Good footprints are now your best friend as a Scrapebox user. Building them is very simple but takes some focus and attention. This is where you’re going to be better then the average Scrapebox user. If you are any type of white hat link builder then you have certainly used some sort of footprint before, you just might not have called it a “footprint”.
Have you tried searching out guest post opportunities or link resource pages before? You are using footprints.
But in this section we are building footprints and for strategic reasons. We will build sets of footprints and use them again and again for specific purposes. As a quick side note let me remind you that replication is one of the keys to success in SEO, so let’s build some badass footprints and start using them over and over again.
Fortunately I have included a massive list of footprints categorized by target platform that I’ve spent years digging up. They are enclosed below.

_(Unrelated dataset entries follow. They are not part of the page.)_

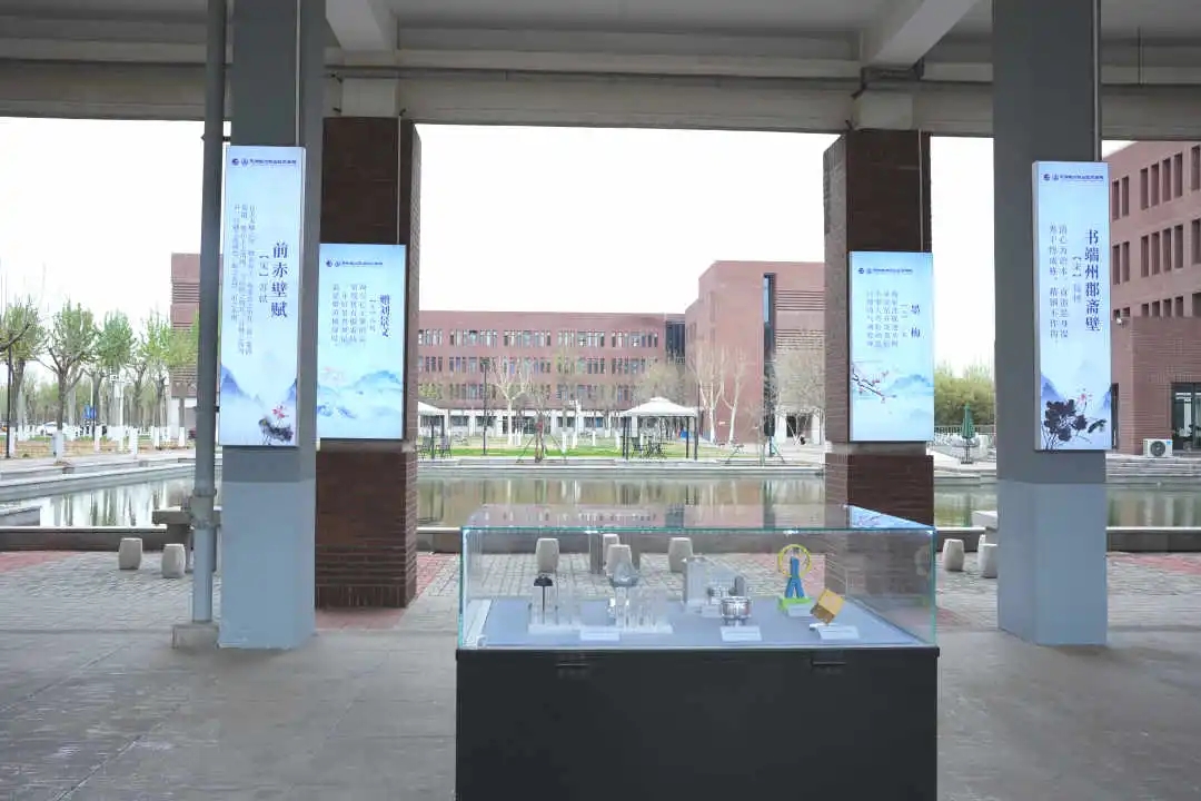长廊位于学院众创空间楼宇户外长廊处,目前已完成“史说廉洁”、“物说廉洁”、“诗说廉洁”、“画说廉洁”四个主题板块建设。其中,“史说廉洁”通过历史这面镜子,传递出思想内涵、价值观念和现实意义;“物说廉洁”以中国古代物质文化为载体,托物言志、借物明理,表达对修身齐家、敬廉崇俭的不懈追求;“诗说廉洁”通过中国古代廉洁诗词蕴含的历史沉思、清廉劝诫和高洁操守,批判贪婪腐败,弘扬清廉品德;“画说廉洁”位于涵哺楼一楼大厅,通过中国古代优秀书画作品,映照刚直不阿、清癯雅脱的独到意趣和洁身自好、不慕名利的生活态度。
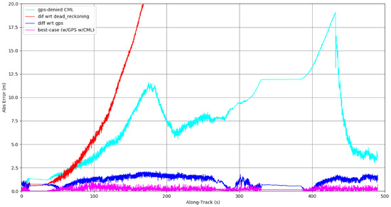 Figure 11 shows that, while the persistent map generated is stretched and warped with respect to ground truth (observe the road, for example in the satellite imagery and the persistent map), the localization correctly places the vehicle in the center of the road in the persistent map. In this experiment, a vehicle drove in a desert environment for ≈3.2 km without GPS. By the western end of the track, the dead reckoning state estimator had drifted by ≈30 m, more than enough to cause the estimated vehicle to be completely off the wide road, and to miss the planned turn. While the generated map is off from the actual geo-located positions of the features, they are locally consistent and useful for navigation and planning. Thus, when the vehicle re-traverses this same area on a different day, again without the benefit of GPS, CML is able to localize the vehicle to a sufficient precision to allow automated route following.
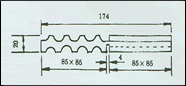 85 X 42.5 、85 X 85、131.5 X 85、174 X 85、220.5 X 85、263 X 85、174 X 174、263 X 174等,可以基本塊為單位。根據(jù)需要任意拼裝,每一基本塊使用的橡膠硬度又分為40°、60°、80°、三種規(guī)格,以適應(yīng)不同垂向設(shè)計負載。
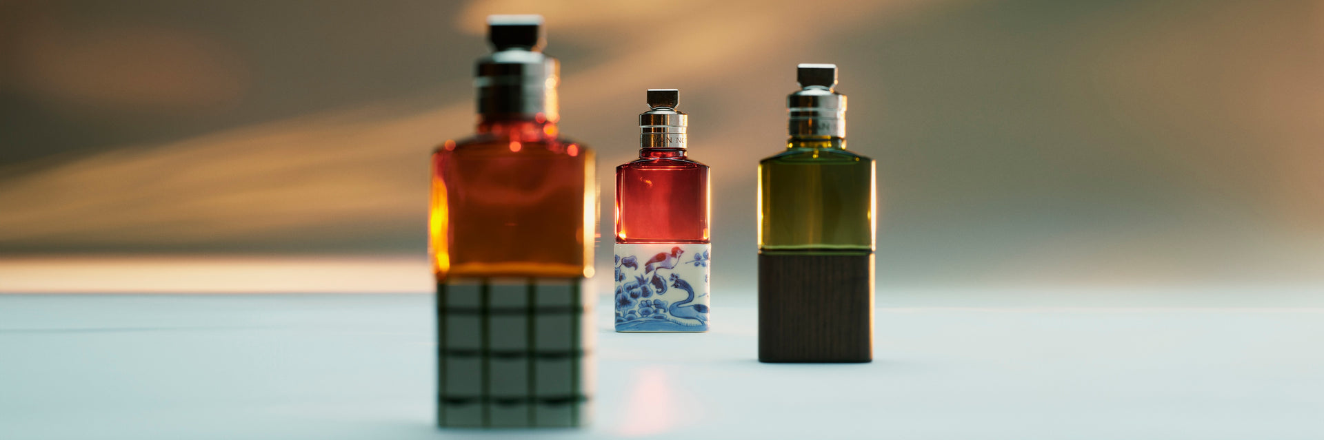Perfume bottle with gold cap and orange liquid, accompanied by a decorative drawstring bag on a light blue background.
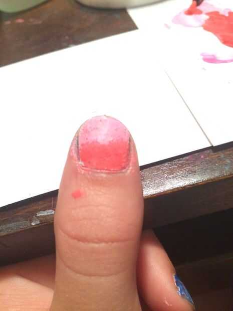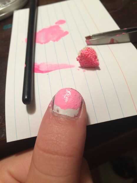 Tome su color rosa y aplicar esto a un trozo pequeño de espuma. Puede utilizar pinzas para extraerlo. DAB el pedazo pequeño en su pulimento. DAB en uñas. Esta 3/4 de la manera encima de la uña lo mismo con orange
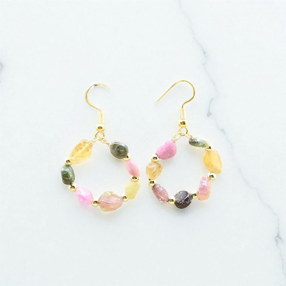 Smooth Tumble Multi Tourmaline Stone Hoops Drop Earrings - 925 Silver Earrings - 14k Gold Plated Earrings Wholesale
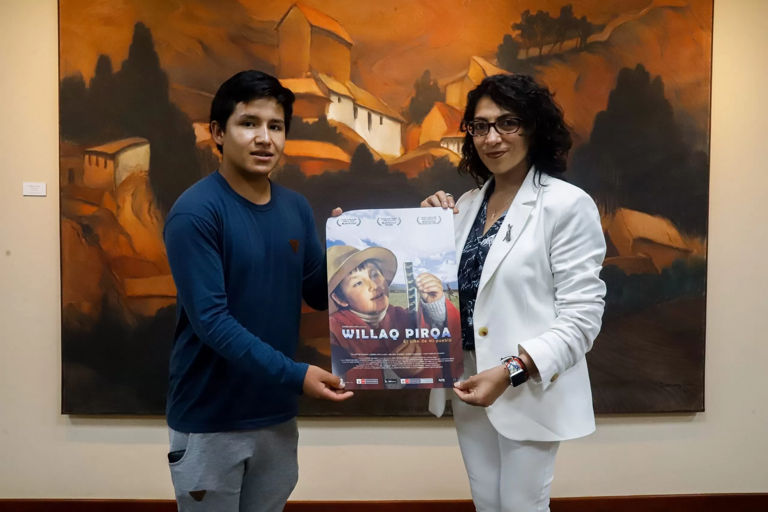 La ministra de Cultura, Leslie Urteaga, se reunió con el protagonista de la reconocida película “Willaq Pirqa”, el joven actor cusqueño Víctor Acurio (Sistu) y la productora de la cinta, Jedy Ortega, para recibir el reconocimiento y felicitación a nombre del Ministerio de Cultura por reivindicar con su trabajo la lengua quechua y la identidad cultural a través del cine.
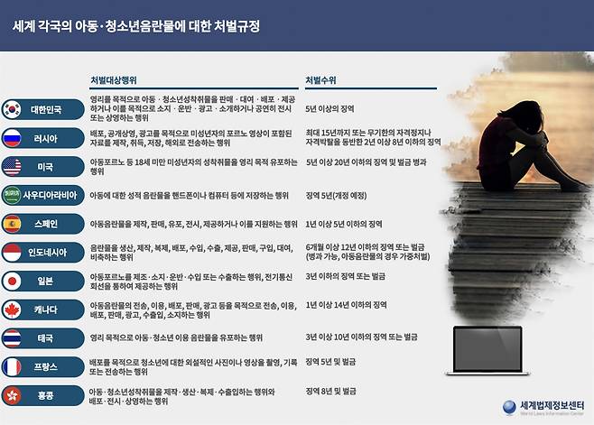 | ▲ 세계 각국 아동 음란물에 관한 처벌 규정 |
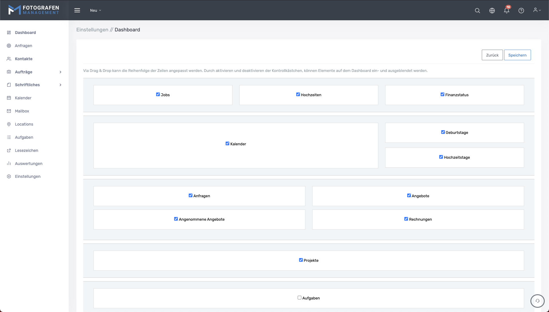 Hier kann das Dashboard nach seinen Bedürfnissen angepasst werden.
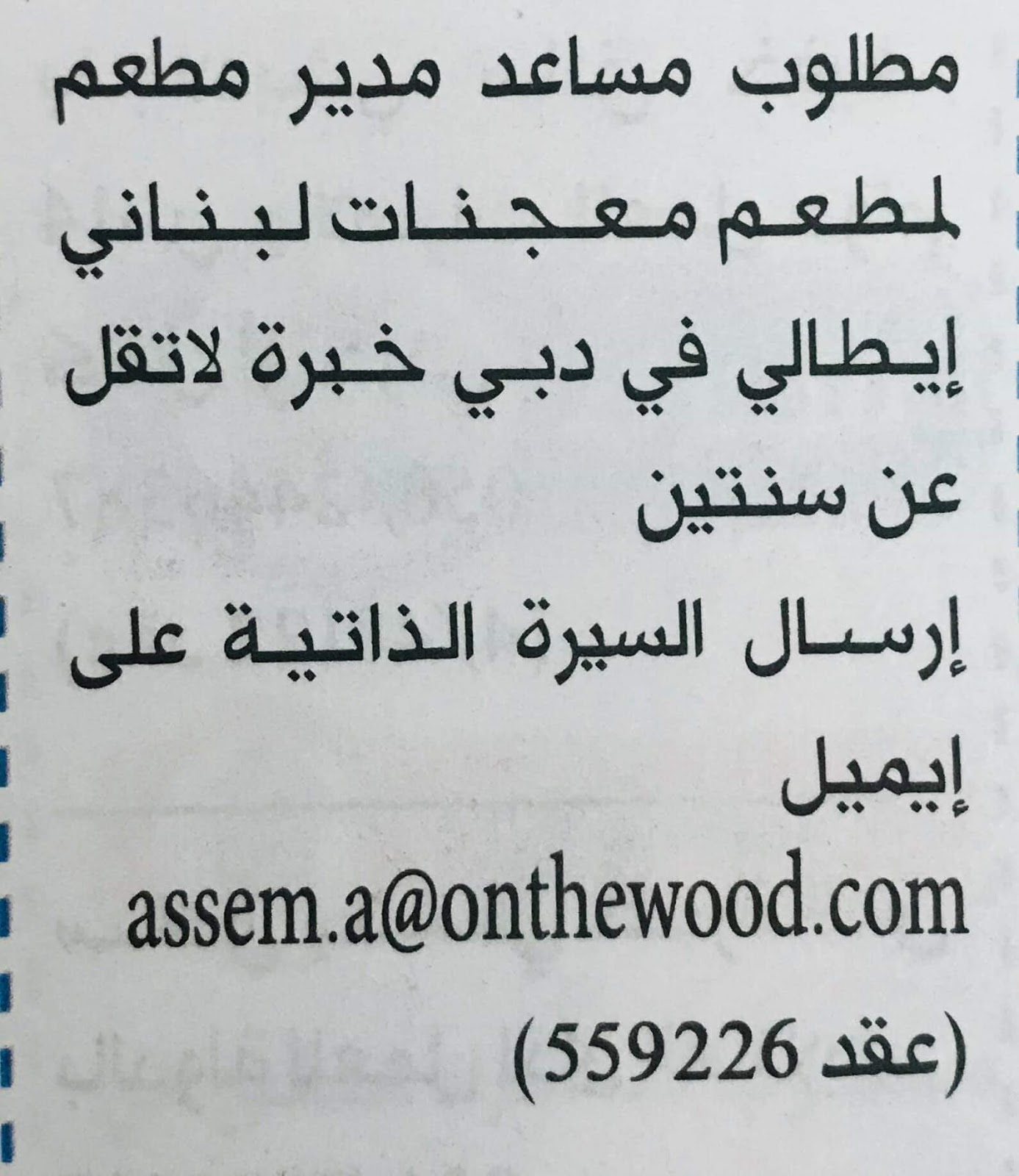 جهه محلية في إمارة الفجيرة تعلن عن حاجتها الى:
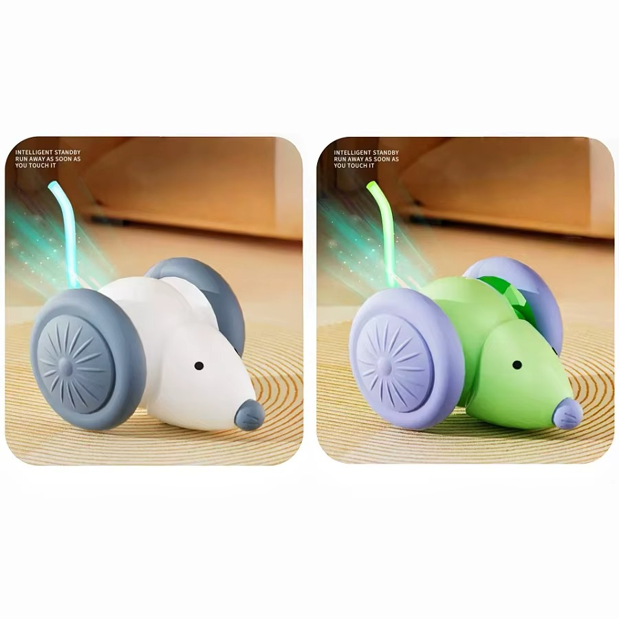 🤸 Mouvement Gyroscopique Dynamique : Les grandes roues assurent une stabilité parfaite. La souris se déplace de manière erratique et fascinante, se redressant toujours automatiquement, ce qui captive l'attention de l'animal pour des heures de jeu actif.
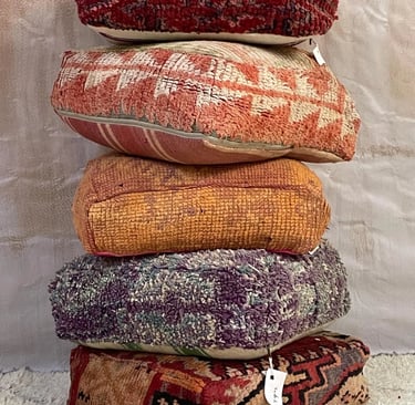 Many different types of these Moroccan poufs on Etsy feature the design outline in a contrasting thread, but I don’t prefer that style—as mentioned above, this can make the piece less versatile if you already have several patterns in a room.
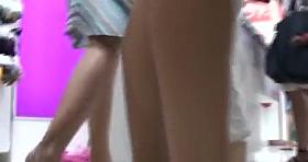 Upskirt video of a sexy chubby girl in a pink shirt
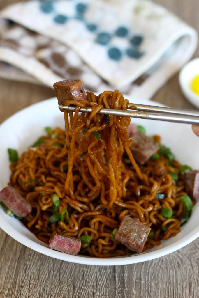 For Meat: Because I used decent quality beef, I chose to cook the beef separately in a skillet. I tossed the cooked meat on top of the cooked noodles and mixed lightly. Top with green onions, sesame seeds, or whatever you want honestly.
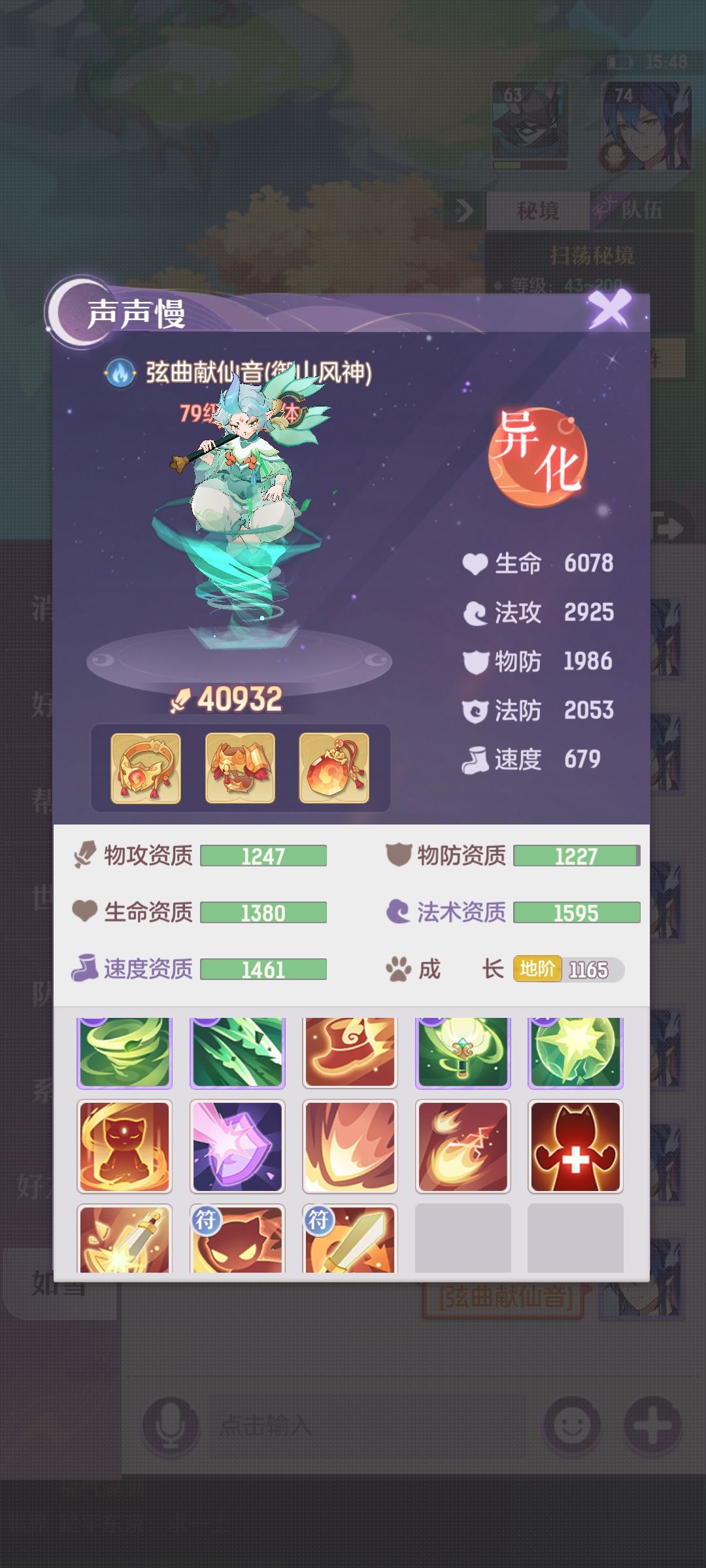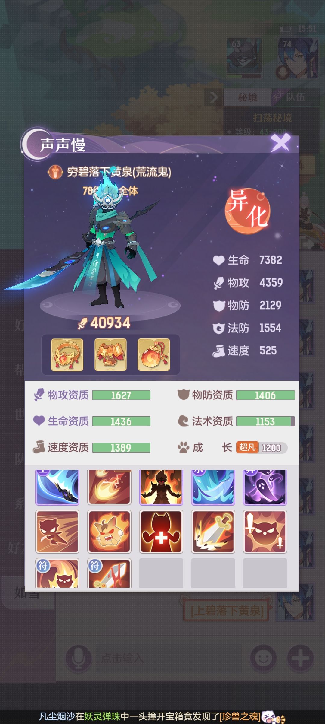声声慢,官服物华天宝充值60元74级青丘一枚(未吃烹饪日常属性)
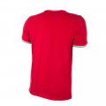 Camiseta roja con detalles verdes y blancos, 100% algodón, reproducción fiel del modelo original de los años 70.
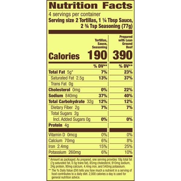 Make 8 Ground Beef Tacos in 3 Easy Steps! You Will Need: 1 lb ground beef and 3/4 cup water. 1. Cook beef in 10-inch skillet over medium-high heat 6 to 7 minutes, breaking up and stirring; drain. Stir in water and seasoning mix; heat to boiling. Reduce heat; simmer uncovered 3 to 4 minutes, stirring often, until thickened. 2. Pull tab to open package of tortillas. Remove tortillas. To heat in microwave, wrap stack of tortillas in microwavable paper towel; place on microwavable plate. Microwave on high 20 to 25 seconds until warm. (To heat in oven, wrap stack of tortillas in foil; place on cookie sheet. Bake at 325 degrees F for 7 to 10 minutes until warm.) 3. Spoon beef filling into tortillas. Top with desired toppings and Taco Sauce. Do not heat tortillas in package. Store leftover tortillas in resealable food bag or container. Tortillas do not need to be refrigerated. For food safety and quality, follow the cooking direction. Refrigerate leftovers.
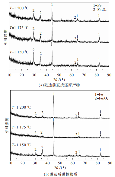 4 and fayalite are the main forms of iron among the copper slag after iron ore phase analysis. With the roasting temperature of 1 175 ℃,the carbon content of C/O=1.2, the alkalinity of

Once you understand the goal, building footprints is quite simple. Pull up some examples of the target site you are trying to find. Looking for link partner pages? Well bring up a handful that you can find and open them in a bunch of tabs. Compare each one and look for consistent on page elements.
See a phrase that comes up all the time? You might have yourself a footprint.
And if you haven’t yet, and you call yourself an SEO, become an expert with advanced Google search operators.
This knowledge is key to being an effective search engine scraper. So take some time, study, and become a search modifier guru. Then apply that to your footprint building and build some killer prints.
There are two main elements to hunt for when building footprints.
Either in the url structure or in content somewhere.
Here are my goto operators.
inurl:
intitle:
intext:
How to Test Footprints:
After you think you’ve created a footprint testing them is incredibly simple. Just go Google them!
First note how many results come up. If it’s under 1,000 your footprint sucks.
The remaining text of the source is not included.